Gabriela siempre había sido ansiosa. Desde chica tuvo dificultades para poder esperar. Sin embargo su vida transcurrió sin mayores inconvenientes. Un día, cuando se dirigía a su trabajo, sintió que su corazón se aceleraba un poco. Inmediatamente pensó que tendría un infarto. Comenzó a sentir calor y a sudar. Su corazón se aceleraba cada vez más y más. Estaba segura que moriría en ese momento. La gente se acercó a socorrerla. Sentía temblores en las extremidades y lloraba por la angustia. Finalmente, luego de un rato se le pasaron los síntomas y sólo le quedaron ciertos dolores musculares, un cansancio tremendo y un miedo casi insoportable a que le pase de nuevo.

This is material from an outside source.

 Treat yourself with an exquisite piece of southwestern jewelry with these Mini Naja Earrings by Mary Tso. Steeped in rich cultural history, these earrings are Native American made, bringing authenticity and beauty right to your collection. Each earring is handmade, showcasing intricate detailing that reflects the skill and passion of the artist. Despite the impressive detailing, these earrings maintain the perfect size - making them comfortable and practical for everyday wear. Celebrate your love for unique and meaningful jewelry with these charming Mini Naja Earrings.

Afortunadamente, Gabriela no tuvo un infarto sino un ataque de pánico. Cuando el ataque de pánico no forma parte de otro desorden como síndrome (ver apartado), hablamos de un trastorno del pánico que es una patología que, tratada correctamente se soluciona en poco tiempo.

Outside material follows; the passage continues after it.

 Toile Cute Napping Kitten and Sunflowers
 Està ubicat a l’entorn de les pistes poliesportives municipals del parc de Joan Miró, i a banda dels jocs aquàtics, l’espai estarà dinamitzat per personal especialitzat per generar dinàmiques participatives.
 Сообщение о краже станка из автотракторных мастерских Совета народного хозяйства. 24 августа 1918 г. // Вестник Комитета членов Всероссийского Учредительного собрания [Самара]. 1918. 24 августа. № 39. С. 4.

Un desorden mental no implica locura como cree mucha gente. Lamentablemente, suele suceder que socialmente se asocia de manera negativa la psicología con la locura y, por ciertos prejuicios, mucha gente no concurre al consultorio por miedo al señalamiento social. Esto es absolutamente falso. En el ejemplo citado, Gabriela no estaba loca (que, por cierto, no es un término que pertenezca a la psicología) sino que tenía un problema de ansiedad, cada vez más común, que se halla tipificado en los manuales diagnósticos como trastorno mental.
Hoy en día, existen tratamientos específicos para trastornos específicos. Esto significa que el trabajo que tuvimos que realizar con Gabriela, las técnicas que utilizamos fueron distintas que las técnicas que utilizaríamos si hubiese tenido otro desorden (ver apartado).
La cantidad de desórdenes mentales que figuran en los manuales es muy amplia y van desde un problema de ansiedad como el de Gabriela hasta algunos desórdenes más complejos como los trastornos psicóticos.